I’ve seen many versions of the Autism Card on the internets. Some parents actually hand these out to people. For those who don’t realize, a common theme in the lives of parents of children on the autism spectrum is to take our kids in public, I know, gasp, and receive a very inviting welcome from the strangers of the world. By inviting welcome, I mean a bunch of dirty looks, criticism on our parenting skills, criticism of our children, and basic asshattery.

You can read one of my previous posts about that: Dear Dr. Phil Wannabes of Walmart. 

I don’t think people who intervene in that manner are ignorant of autism. I think they are mean people. They are just assholes. Think about it. Your kid is freaking out. You are almost in tears, kneeling down trying to tame your child while watching and handling the other kids. You obviously have things to do that is being interrupted with all this.
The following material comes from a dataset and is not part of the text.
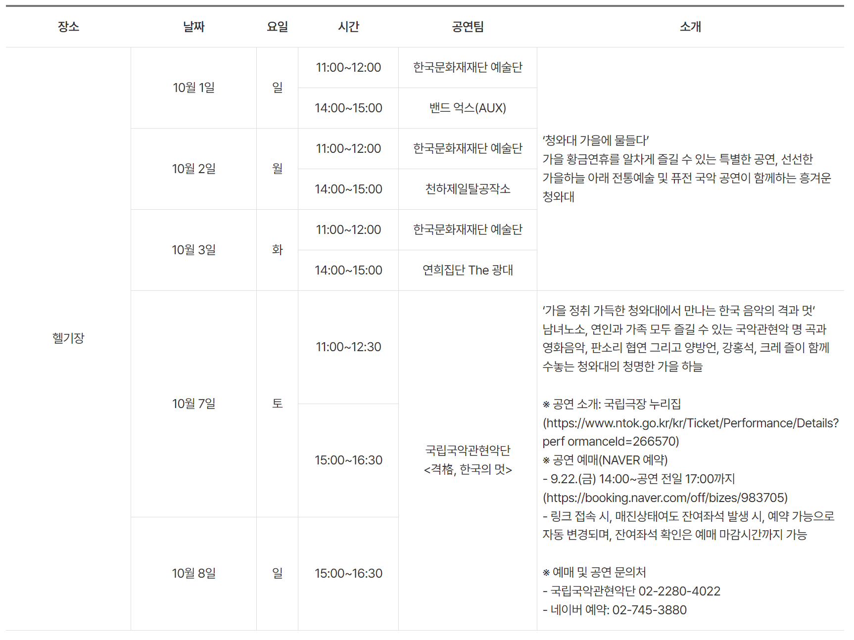 매월 변경되는 공연 프로그램으로 매번 다채로운 청와대 관람을 할 수 있습니다. 10월에는 아래와 같은 공연 프로그램이 준비되어있으며, 아래 버튼을 통해 신청해보시기 바랍니다.

Everyone is upset. Who the fuck approaches people in that kind of emotionally charged situation to insult people? That’s not a dumbass. That’s a total asshole. That’s a bully. They targeted you because you are having a weak moment.

And when they intervene with their ridiculous opinions, they really make the situation harder on the parent and the kid. It’s very common with autism or kids in general for kids to run off and/or do really stupid shit when they are upset or overly hyper. So when you distract the parent from the child in that kind of situation, it better be fucking important because you are risking that child’s safety when you do.
That type of threat deserves very little mercy. I used to just hit them with the grocery cart, or drop something on their foot, but since assault isn’t something I really want on my permanent record, I now have resorted to shenanigans and debauchery.

I’d rather just scream at them really loudly something random for everyone to hear and be like “What the fuck did they just say to you?” Here’s a list of some things I got for now, for the assholes who want to tell you how to parent. This is for the guy who says, “Control your kids.” Use them wisely because you never know when karma is going to strike back, or how it will….

  1. What? No I do NOT wish to buy a video of you fondling a goat!
  2. I’m sorry, I don’t know where they keep the hemorrhoid cream or the KY Jelly.
  3. Tylenol will not cure your Clap.
  4. The Diet Pills I think are over there in aisle 14. You better hurry.
  5. You know they have mouthwash here, as well as breath mints. You might want to add that to your list.
  6. Excuse you? I happen to like what the person over there is wearing.
  7. You cheated on your spouse with who?
  8. Three Hundred Dollars for Sex?
  9. Did you just call that guy a n-word? He just called you the n-word. Seriously. I just heard him say it.
  10. The people who work here are neither overpaid nor lazy, and they definitely do not deserve to go to hell.
  11. You want to do what with a cucumber?
  12. I don’t have any dimes or bags!
And my favorite for while the kid is melting down…
What did you just say to my kid to make him cry like that?